• Supplied information:
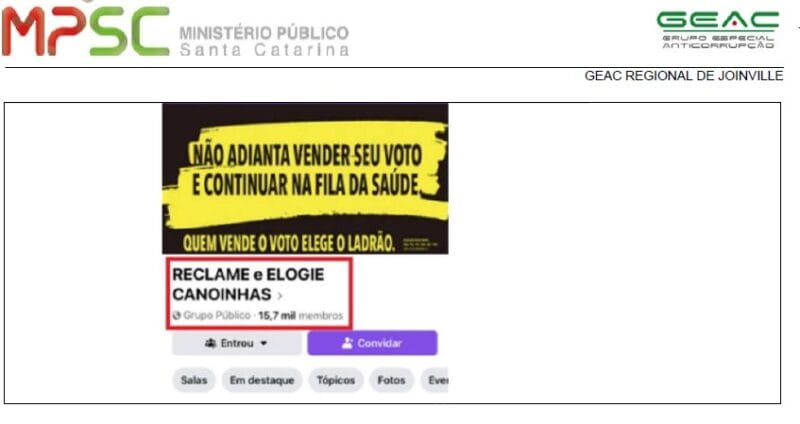 Um grupo na rede social Facebook, denominado Reclame e Elogie Canoinhas, foi citado em um trecho do documento do Ministério Público de Santa Catarina que embasou as prisões do ex-prefeito, Beto Passos e do vice Renato Pike, no último dia 29 de março.
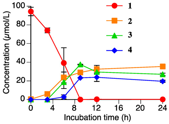 Figure 6 shows the time-dependent accumulation of 2, 3, and 4 in the R. solani suspension culture containing 1 (100 µmol/L). The level of 1 decreased to nearly zero in the 9 h after the addition of 1. The levels of 2, 3, and 4 gradually increased in the first 12 h, and the levels were relatively constant until 24 h. This result strongly supported that 2, 3, and 4 are products of the metabolism of 1 by R. solani. The total accumulation of 2, 3, and 4 in the suspension culture after 9 h of incubation was 90 µmol/L. Therefore, these three compounds must be the major metabolites of 1 in the R. solani suspension culture.
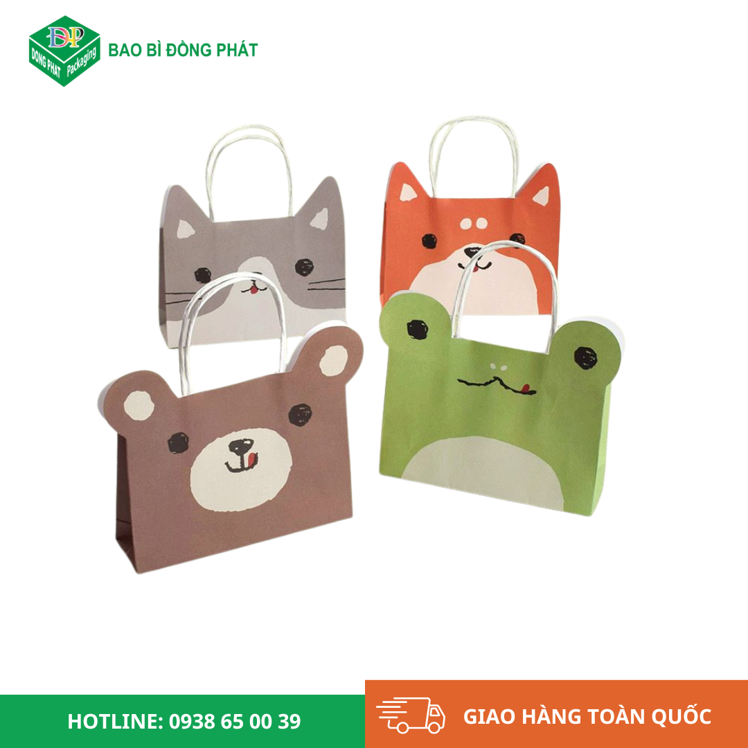 • Túi giấy in hình các loài động vật dễ thương, màu sắc tươi sáng và hình ảnh sắc nét tạo cảm giác vui nhộn, sinh động.
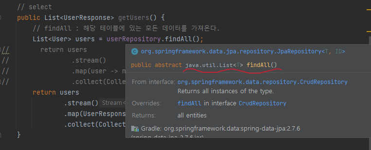 findAll : 주어지는 객체가 매핑된 테이블의 모든 데이터를 가져온다.

• What is being asked:
Beginning with the line that contains "nhộn, sinh động." and ending with the final line of the listing, return each line exactly. Omit all pictures.

• Exercise output:
 • Túi giấy in hình các loài động vật dễ thương, màu sắc tươi sáng và hình ảnh sắc nét tạo cảm giác vui nhộn, sinh động.
 findAll : 주어지는 객체가 매핑된 테이블의 모든 데이터를 가져온다.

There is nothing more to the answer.